* **ASSIGNED TASK**:
Of the records that follow, copy only the lines from the line containing "Doodle ornament with" to the line containing "ロング柱23仕様(有効高 約2,312mm) |", both included, exactly as written.

++++ RECORDS PROVIDED ++++

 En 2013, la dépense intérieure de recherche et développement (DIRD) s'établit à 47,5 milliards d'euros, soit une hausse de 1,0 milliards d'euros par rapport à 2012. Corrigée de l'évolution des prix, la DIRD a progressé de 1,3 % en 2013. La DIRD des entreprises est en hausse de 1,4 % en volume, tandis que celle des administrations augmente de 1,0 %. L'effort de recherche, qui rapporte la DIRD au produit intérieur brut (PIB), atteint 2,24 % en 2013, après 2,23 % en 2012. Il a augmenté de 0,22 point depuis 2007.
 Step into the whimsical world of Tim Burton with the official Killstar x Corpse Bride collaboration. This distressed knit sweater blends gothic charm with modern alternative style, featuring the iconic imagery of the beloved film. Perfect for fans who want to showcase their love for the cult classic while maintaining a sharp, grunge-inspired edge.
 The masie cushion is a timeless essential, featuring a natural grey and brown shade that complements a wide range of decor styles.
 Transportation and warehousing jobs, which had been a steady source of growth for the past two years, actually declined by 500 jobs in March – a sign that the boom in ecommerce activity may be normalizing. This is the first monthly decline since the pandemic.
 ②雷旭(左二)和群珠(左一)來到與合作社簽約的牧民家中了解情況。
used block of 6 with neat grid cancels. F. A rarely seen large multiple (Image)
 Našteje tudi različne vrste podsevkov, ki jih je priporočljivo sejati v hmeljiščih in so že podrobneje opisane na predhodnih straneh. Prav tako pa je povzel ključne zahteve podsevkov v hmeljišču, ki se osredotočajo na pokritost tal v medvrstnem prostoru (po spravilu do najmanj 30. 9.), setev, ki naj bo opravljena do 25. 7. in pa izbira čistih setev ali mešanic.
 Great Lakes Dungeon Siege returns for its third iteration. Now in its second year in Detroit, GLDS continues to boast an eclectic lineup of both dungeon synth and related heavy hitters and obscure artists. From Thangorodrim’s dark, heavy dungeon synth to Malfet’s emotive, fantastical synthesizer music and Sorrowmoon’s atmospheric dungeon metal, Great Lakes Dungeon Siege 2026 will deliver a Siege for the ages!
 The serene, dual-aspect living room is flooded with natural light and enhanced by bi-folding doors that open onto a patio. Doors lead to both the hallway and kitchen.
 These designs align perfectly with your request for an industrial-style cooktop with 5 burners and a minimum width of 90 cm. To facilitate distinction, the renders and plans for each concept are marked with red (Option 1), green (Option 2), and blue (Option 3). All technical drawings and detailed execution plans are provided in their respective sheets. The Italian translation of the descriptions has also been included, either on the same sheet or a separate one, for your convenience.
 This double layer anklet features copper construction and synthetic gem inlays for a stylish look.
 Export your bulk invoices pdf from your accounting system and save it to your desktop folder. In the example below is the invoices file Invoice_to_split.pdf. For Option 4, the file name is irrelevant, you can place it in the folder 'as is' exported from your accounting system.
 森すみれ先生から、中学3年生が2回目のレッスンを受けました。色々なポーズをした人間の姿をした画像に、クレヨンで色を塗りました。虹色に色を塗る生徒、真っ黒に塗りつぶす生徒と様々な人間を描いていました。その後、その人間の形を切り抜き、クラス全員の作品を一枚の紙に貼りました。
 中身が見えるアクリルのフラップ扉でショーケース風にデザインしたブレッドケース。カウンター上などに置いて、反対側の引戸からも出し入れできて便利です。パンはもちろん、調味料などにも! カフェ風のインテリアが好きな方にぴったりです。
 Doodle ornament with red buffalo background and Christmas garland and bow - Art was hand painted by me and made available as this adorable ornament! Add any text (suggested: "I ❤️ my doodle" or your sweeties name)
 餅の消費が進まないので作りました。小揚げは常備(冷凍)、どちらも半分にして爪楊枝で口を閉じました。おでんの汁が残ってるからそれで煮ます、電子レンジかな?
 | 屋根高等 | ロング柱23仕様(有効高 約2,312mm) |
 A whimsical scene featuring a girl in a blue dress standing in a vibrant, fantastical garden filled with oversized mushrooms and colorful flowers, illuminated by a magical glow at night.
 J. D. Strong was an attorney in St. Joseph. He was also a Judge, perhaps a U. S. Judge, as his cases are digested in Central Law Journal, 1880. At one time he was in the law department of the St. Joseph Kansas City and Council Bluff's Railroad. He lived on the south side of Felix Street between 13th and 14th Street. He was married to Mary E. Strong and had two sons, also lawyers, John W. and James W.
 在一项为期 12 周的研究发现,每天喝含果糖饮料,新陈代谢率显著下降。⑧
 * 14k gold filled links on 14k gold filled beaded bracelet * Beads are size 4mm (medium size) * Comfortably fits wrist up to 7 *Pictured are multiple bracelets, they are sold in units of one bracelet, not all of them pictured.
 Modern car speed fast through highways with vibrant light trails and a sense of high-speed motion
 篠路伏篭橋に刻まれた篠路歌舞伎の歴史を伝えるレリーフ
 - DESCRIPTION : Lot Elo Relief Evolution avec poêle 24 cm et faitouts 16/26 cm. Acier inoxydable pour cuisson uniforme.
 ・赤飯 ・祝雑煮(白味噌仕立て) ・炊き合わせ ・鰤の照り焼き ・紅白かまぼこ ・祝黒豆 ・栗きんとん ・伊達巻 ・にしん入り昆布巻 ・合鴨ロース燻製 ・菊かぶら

++++

* **SOLUTION TO THE EXERCISE**:
 Doodle ornament with red buffalo background and Christmas garland and bow - Art was hand painted by me and made available as this adorable ornament! Add any text (suggested: "I ❤️ my doodle" or your sweeties name)
 餅の消費が進まないので作りました。小揚げは常備(冷凍)、どちらも半分にして爪楊枝で口を閉じました。おでんの汁が残ってるからそれで煮ます、電子レンジかな?
 | 屋根高等 | ロング柱23仕様(有効高 約2,312mm) |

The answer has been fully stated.